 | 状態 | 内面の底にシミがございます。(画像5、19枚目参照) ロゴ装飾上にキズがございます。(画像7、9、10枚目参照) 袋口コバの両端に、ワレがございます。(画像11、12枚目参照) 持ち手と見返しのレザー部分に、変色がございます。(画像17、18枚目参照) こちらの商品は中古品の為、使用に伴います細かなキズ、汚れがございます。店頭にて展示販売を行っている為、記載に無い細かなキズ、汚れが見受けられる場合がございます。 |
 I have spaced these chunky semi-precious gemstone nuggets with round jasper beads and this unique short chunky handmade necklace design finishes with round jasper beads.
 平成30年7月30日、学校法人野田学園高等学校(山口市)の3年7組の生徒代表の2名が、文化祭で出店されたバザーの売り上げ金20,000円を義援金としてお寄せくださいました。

*-*-*

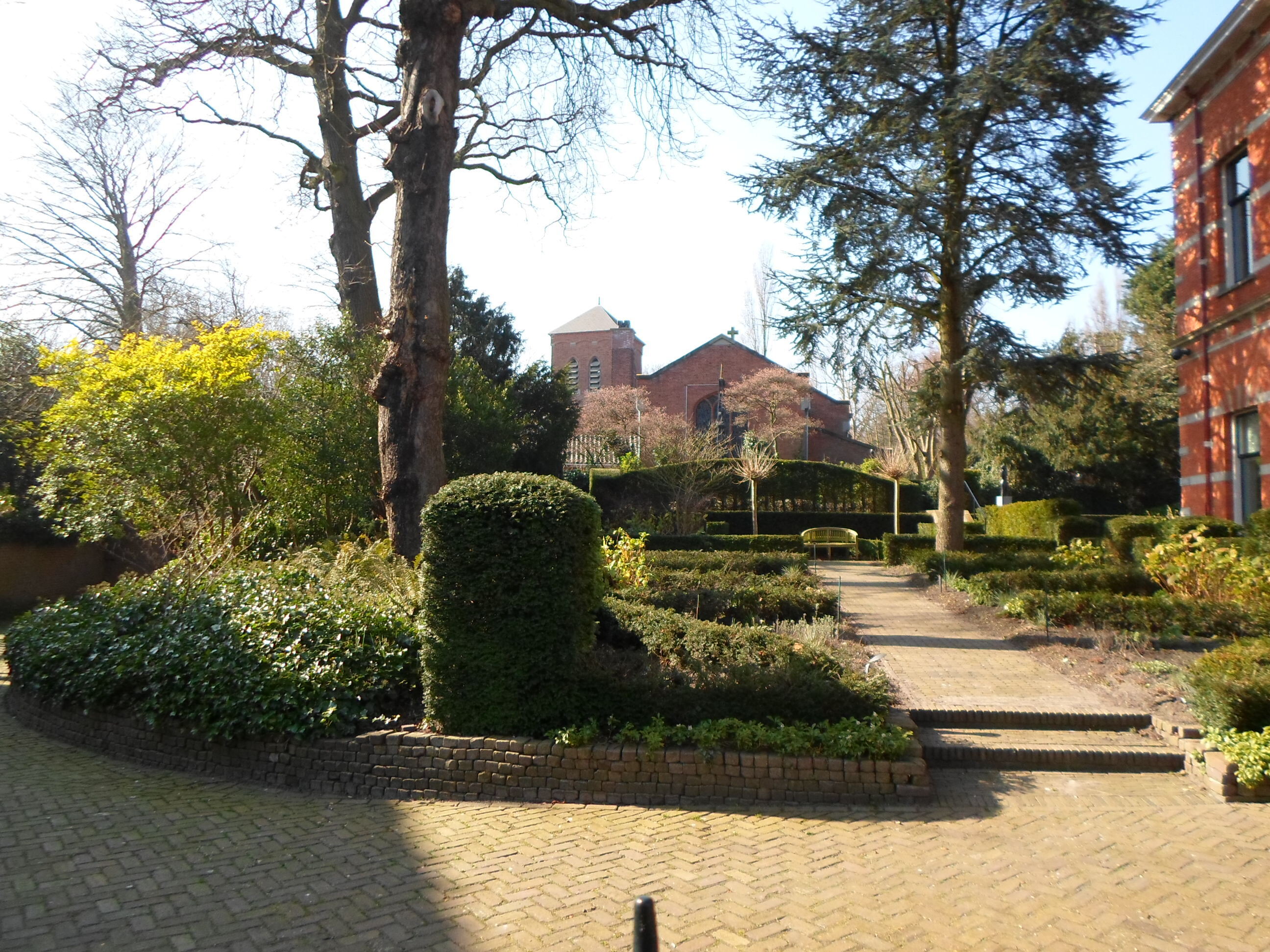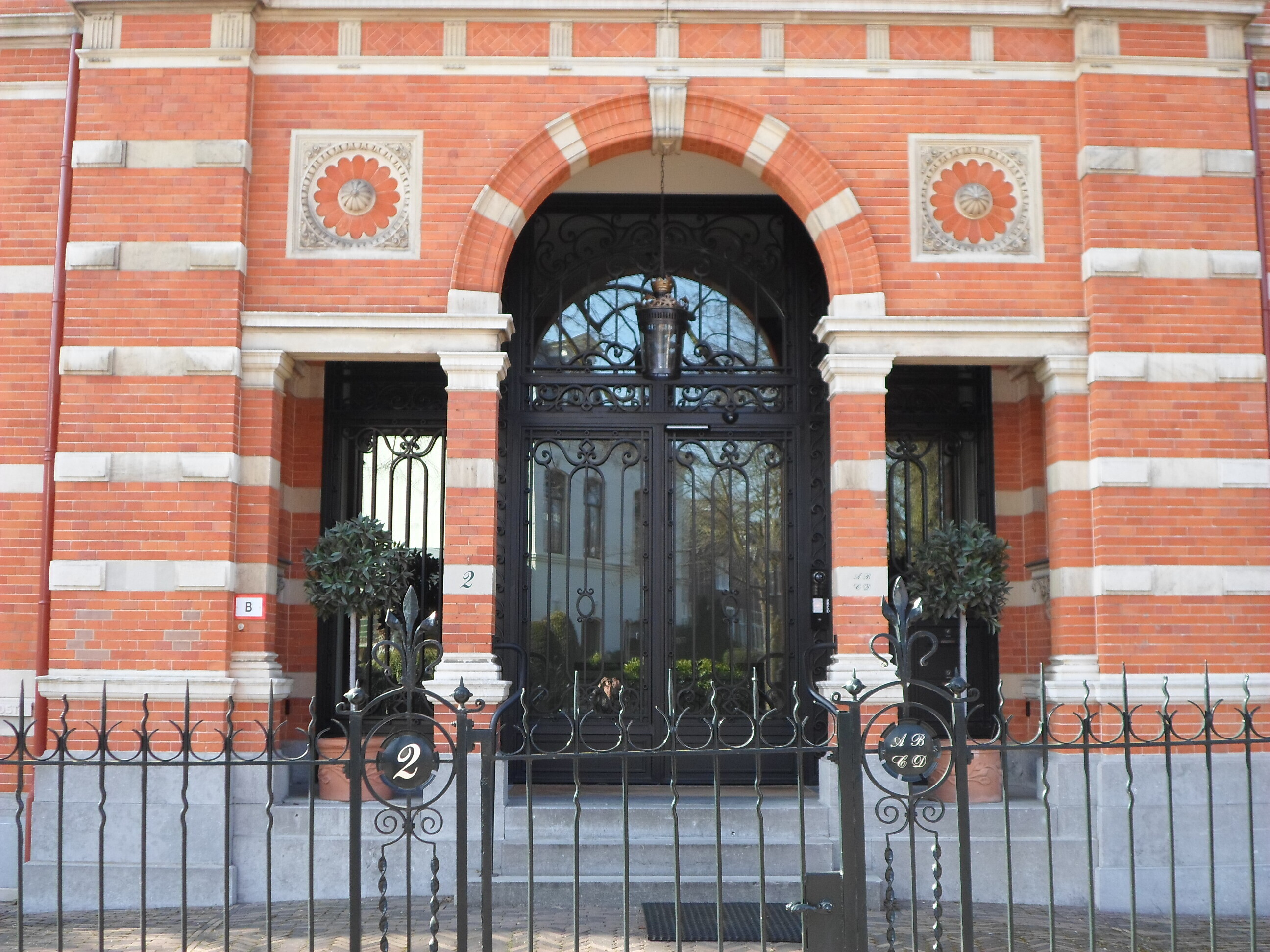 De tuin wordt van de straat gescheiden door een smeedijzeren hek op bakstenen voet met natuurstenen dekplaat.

*-*-*

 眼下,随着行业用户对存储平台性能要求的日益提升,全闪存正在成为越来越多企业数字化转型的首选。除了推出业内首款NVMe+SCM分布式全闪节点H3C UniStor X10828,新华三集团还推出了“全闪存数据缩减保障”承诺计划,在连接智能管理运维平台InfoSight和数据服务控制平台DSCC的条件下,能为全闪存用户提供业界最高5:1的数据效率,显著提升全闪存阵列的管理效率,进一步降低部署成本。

*-*-*

= Action item =
Reproducing the whole listing above is not the task. Copy exactly only the lines from the one with "状態 | 内面の底にシミがございます。(画像5、19枚目参照)" to the one with "平成30年7月30日、学校法", both kept.

= Completed exercise =
 | 状態 | 内面の底にシミがございます。(画像5、19枚目参照) ロゴ装飾上にキズがございます。(画像7、9、10枚目参照) 袋口コバの両端に、ワレがございます。(画像11、12枚目参照) 持ち手と見返しのレザー部分に、変色がございます。(画像17、18枚目参照) こちらの商品は中古品の為、使用に伴います細かなキズ、汚れがございます。店頭にて展示販売を行っている為、記載に無い細かなキズ、汚れが見受けられる場合がございます。 |
 I have spaced these chunky semi-precious gemstone nuggets with round jasper beads and this unique short chunky handmade necklace design finishes with round jasper beads.
 平成30年7月30日、学校法人野田学園高等学校(山口市)の3年7組の生徒代表の2名が、文化祭で出店されたバザーの売り上げ金20,000円を義援金としてお寄せくださいました。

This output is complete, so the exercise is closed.